Work out the following division
(i)$\left( {10x - 25} \right) \div 5$
(ii)$\left( {10x - 25} \right) \div \left( {2x - 5} \right)$
(iii)$10y\left( {6y + 21} \right) \div 5\left( {2y + 7} \right)$
(iv)$9{x^2}{y^2}\left( {3z - 24} \right) \div 27xy\left( {z - 8} \right)$
(v)$96abc\left( {3a - 12} \right)\left( {5b - 30} \right) \div 144\left( {a - 4} \right)\left( {b - 6} \right)$

Answer 1

Hint:Here, we will use the factorization process. All the terms in the question can be expanded into their factors which will result in simplified expression.

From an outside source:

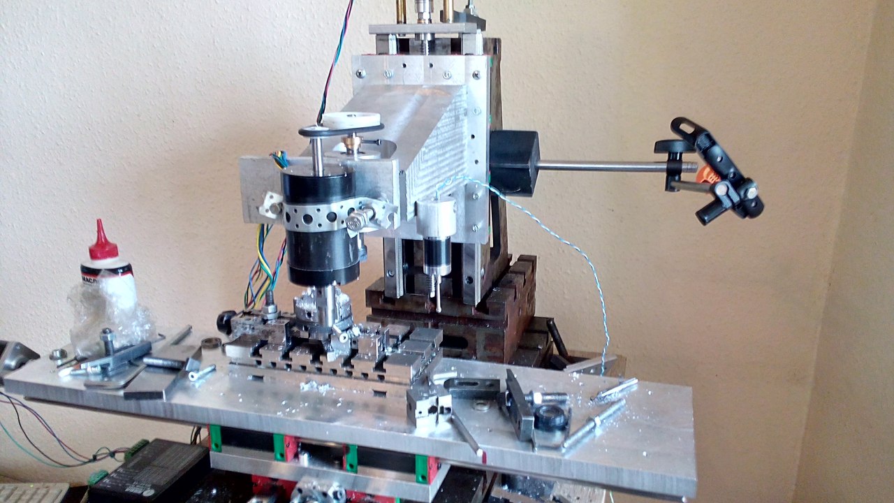 Был замучан китайский зверек вдоль и поперек, в итоге стало понятно что к слову "шпиндель" он имеет довольно отдаленное отношение, заместо него был выточен новый на базе ер11 удлинителя и пары радиально-упорных подшипников. Сейчас станочек чувствует себя пободрее и шум при фрезеровке ушел.

Complete step-by-step solution
(i)Expand the terms in the expression $\left( {10x - 25} \right) \div 5$ into their factors.
$\begin{array}{c}
\left( {10x - 25} \right) \div 5 = \dfrac{{5 \times 2 \times x - 5 \times 5}}{5}\\
 = \dfrac{{5\left( {2x - 5} \right)}}{5}\\
 = 2x - 5
\end{array}$
Therefore, $2x - 5$ is the factor.
(ii)Expand the terms in the expression $\left( {10x - 25} \right) \div \left( {2x - 5} \right)$ into their factors.
$\begin{array}{c}
\left( {10x - 25} \right) \div \left( {2x - 5} \right) = \dfrac{{2 \times 5 \times x - 5 \times 5}}{{2x - 5}}\\
 = \dfrac{{5\left( {2x - 5} \right)}}{{2x - 5}}\\
 = 5
\end{array}$
Therefore, $5$ is the factor.
(iii) Expand the terms in the expression $10y\left( {6y + 21} \right) \div 5\left( {2y + 7} \right)$ into their factors.
$\begin{array}{c}
10y\left( {6y + 21} \right) \div 5\left( {2y + 7} \right) = \dfrac{{2 \times 5 \times y\left( {2 \times 3 \times y + \left( {3 \times 7} \right)} \right)}}{{5\left( {2y + 7} \right)}}\\
 = \dfrac{{2 \times 5 \times y \times 3\left( {2y + 7} \right)}}{{5\left( {2y + 7} \right)}}\\
 = 6y
\end{array}$
Therefore, $6y$ is the factor.
(iv)Expand the terms in the expression $9{x^2}{y^2}\left( {3z - 24} \right) \div 27xy\left( {z - 8} \right)$ into their factors.
\[\begin{array}{c}
9{x^2}{y^2}\left( {3z - 24} \right) \div 27xy\left( {z - 8} \right) = \dfrac{{9{x^2}{y^2}\left[ {\left( {3 \times z} \right) - \left( {2 \times 2 \times 2 \times 3} \right)} \right]}}{{27xy\left( {z - 8} \right)}}\\
 = \dfrac{{{x^2}{y^2} \times 3\left[ {z - 8} \right]}}{{3xy\left( {z - 8} \right)}}\\
 = xy
\end{array}\]
Therefore, $xy$ is the factor.
(v) Expand the terms in the expression $96abc\left( {3a - 12} \right)\left( {5b - 30} \right) \div 144\left( {a - 4} \right)\left( {b - 6} \right)$ into their factors.
\[\begin{array}{c}
96abc\left( {3a - 12} \right)\left( {5b - 30} \right) \div 144\left( {a - 4} \right)\left( {b - 6} \right) = \dfrac{{96abc\left( {3 \times a - 3 \times 4} \right)\left( {5 \times b - 2 \times 3 \times 5} \right)}}{{144\left( {a - 4} \right)\left( {b - 6} \right)}}\\
 = \dfrac{{2abc \times 3 \times 5\left( {a - 4} \right)\left( {b - 6} \right)}}{{3\left( {a - 4} \right)\left( {b - 6} \right)}}\\
 = 10abc
\end{array}\]
Therefore, $10abc$ is the factor.

Note: In such types of problems, we will factorize the dividend. The common factors will be cancelled considering that the value of the divisor is not zero. Make sure to check the common terms in the expression so that these terms can be resolved to get the answer.